=== ACTION ITEM ===
Could you retype all of the entries exactly, without their pictures?

=== RECORDS PROVIDED ===
- - - -
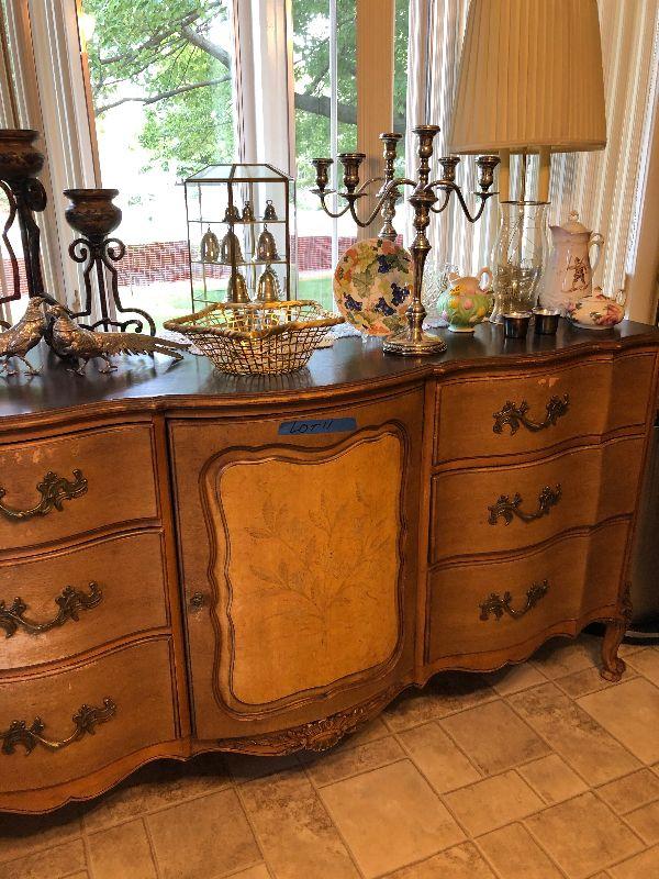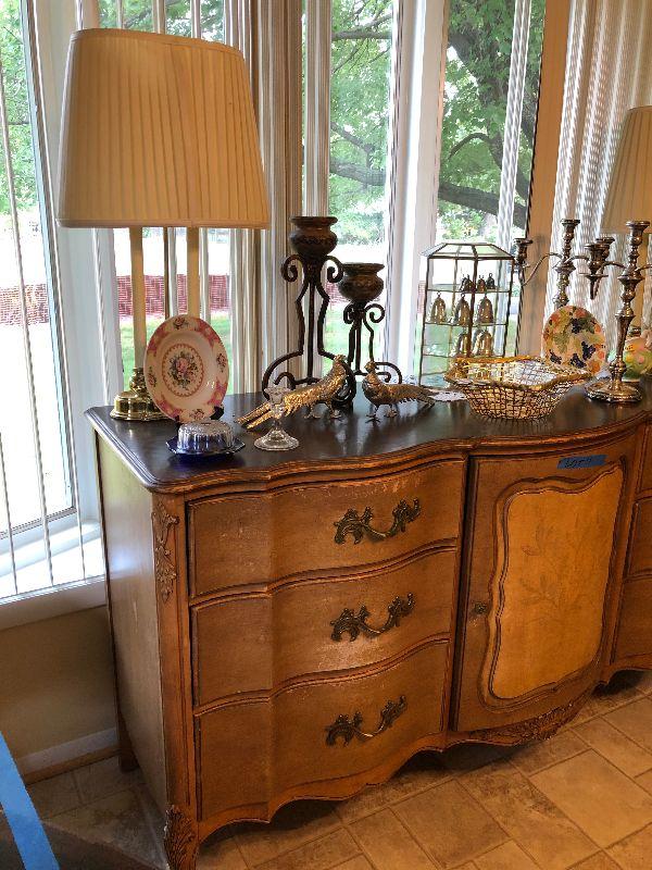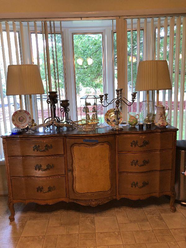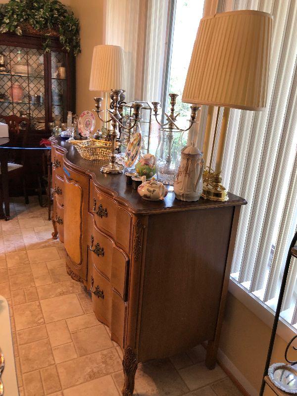 68" French Provincial Buffet, 2 matching lamps, Weighted Sterling Silver candelabra, and other miscellaneous items.
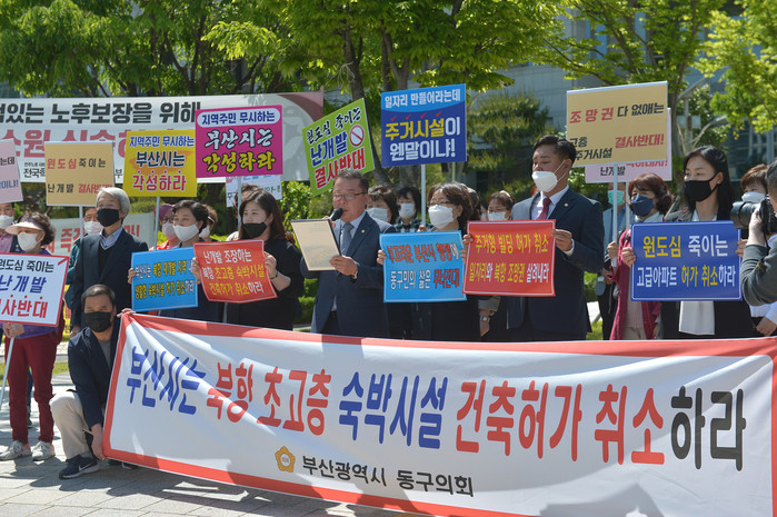 [로컬세계 맹화찬 기자]부산 동구의회(의장 배인한)는 지난 13일 제286회 정례회 제1차 본회의에서 '북항재개발지역 내 생활형 숙박시설 건축허가 반대 결의안'을 만장일치로 가결하고 같은 날 부산시청을 항의 방문했다.
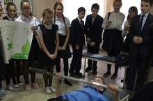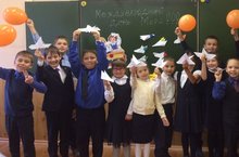 Уроки добра прошли во всех классах. Учащиеся начальной школы работали над проектом "Дорога в ДОБРО". Гость первоклассников - корреспондент 1 Канала Светлана Костина.
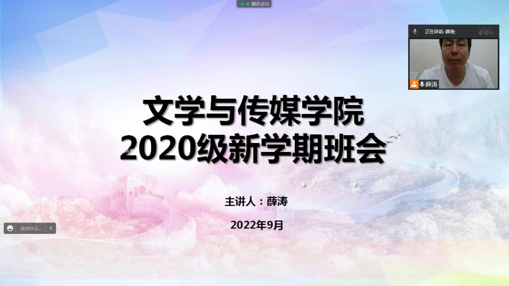 2020级辅导员辅导员薛涛分别从新学期大家状态调整、疫情防控、防范电信诈骗、文明上网等方面进行宣传引导,对《pp电子游戏平台网站“中学语文卓越师资班”人才培养计划行动方案(试行)》文件进行解读,解答教师资格证报名考试相关问题,并就线上教学向全体同学提出纪律要求。
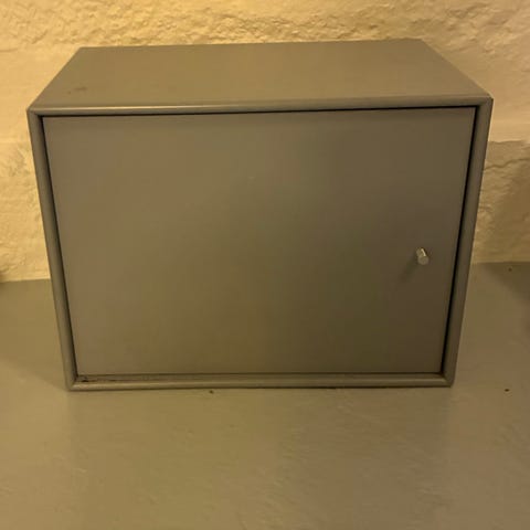 Rullebord i gråmalet metal med fire hjul. Øverst er der en udtræksskuffe med indsats og flere rum til opbevaring af småting. Under skuffen er der en åben hylde samt et skab med låge i bunden. På siden er der et håndtag til at skubbe bordet. Velegnet som opbevaringsmøbel i fx kontor, værksted eller børneværelse.
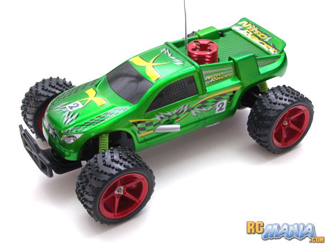 When I first saw this truck I thought, "Nitro? No way." It has nitro in the name and it even has what look like an exhaust tip and a heatsink engine head (the red thing on the back) from a hobby-level nitro (kinda like gas) powered RC, but that's all for looks. This is a safe, normal, electric vehicle.
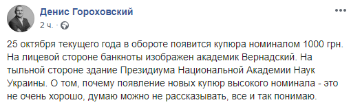 "25 октября текущего года в обороте появится купюра номиналом 1000 грн. На лицевой стороне банкноты изображен академик Вернадский. На тыльной стороне здание Президиума Национальной Академии Наук Украины. О том, почему появление новых купюр высокого номинала - это не очень хорошо, думаю можно не рассказывать, все и так понимаю". - написал политический эксперт Денис Гороховский.
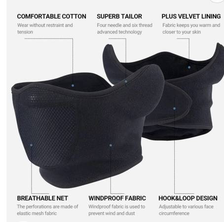 I have one new heavy duty mask can use for anything and for motorcycles and it's reversible, or cold. I have another new mask basically used for cold or skiing.
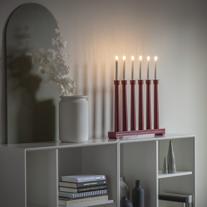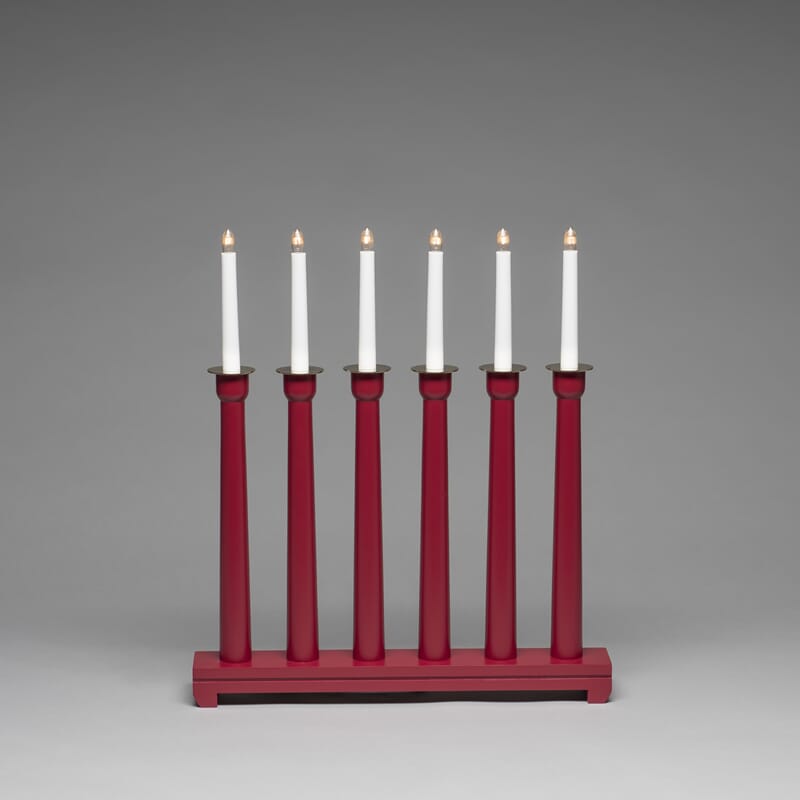 Candlestick wood 6 bulbs w.brass deco rings, red. 230V |
- - - -
=== COMPLETED TASK ===
 68" French Provincial Buffet, 2 matching lamps, Weighted Sterling Silver candelabra, and other miscellaneous items.
 [로컬세계 맹화찬 기자]부산 동구의회(의장 배인한)는 지난 13일 제286회 정례회 제1차 본회의에서 '북항재개발지역 내 생활형 숙박시설 건축허가 반대 결의안'을 만장일치로 가결하고 같은 날 부산시청을 항의 방문했다.
 Уроки добра прошли во всех классах. Учащиеся начальной школы работали над проектом "Дорога в ДОБРО". Гость первоклассников - корреспондент 1 Канала Светлана Костина.
 2020级辅导员辅导员薛涛分别从新学期大家状态调整、疫情防控、防范电信诈骗、文明上网等方面进行宣传引导,对《pp电子游戏平台网站“中学语文卓越师资班”人才培养计划行动方案(试行)》文件进行解读,解答教师资格证报名考试相关问题,并就线上教学向全体同学提出纪律要求。
 Rullebord i gråmalet metal med fire hjul. Øverst er der en udtræksskuffe med indsats og flere rum til opbevaring af småting. Under skuffen er der en åben hylde samt et skab med låge i bunden. På siden er der et håndtag til at skubbe bordet. Velegnet som opbevaringsmøbel i fx kontor, værksted eller børneværelse.
 When I first saw this truck I thought, "Nitro? No way." It has nitro in the name and it even has what look like an exhaust tip and a heatsink engine head (the red thing on the back) from a hobby-level nitro (kinda like gas) powered RC, but that's all for looks. This is a safe, normal, electric vehicle.
 "25 октября текущего года в обороте появится купюра номиналом 1000 грн. На лицевой стороне банкноты изображен академик Вернадский. На тыльной стороне здание Президиума Национальной Академии Наук Украины. О том, почему появление новых купюр высокого номинала - это не очень хорошо, думаю можно не рассказывать, все и так понимаю". - написал политический эксперт Денис Гороховский.
 I have one new heavy duty mask can use for anything and for motorcycles and it's reversible, or cold. I have another new mask basically used for cold or skiing.
 Candlestick wood 6 bulbs w.brass deco rings, red. 230V |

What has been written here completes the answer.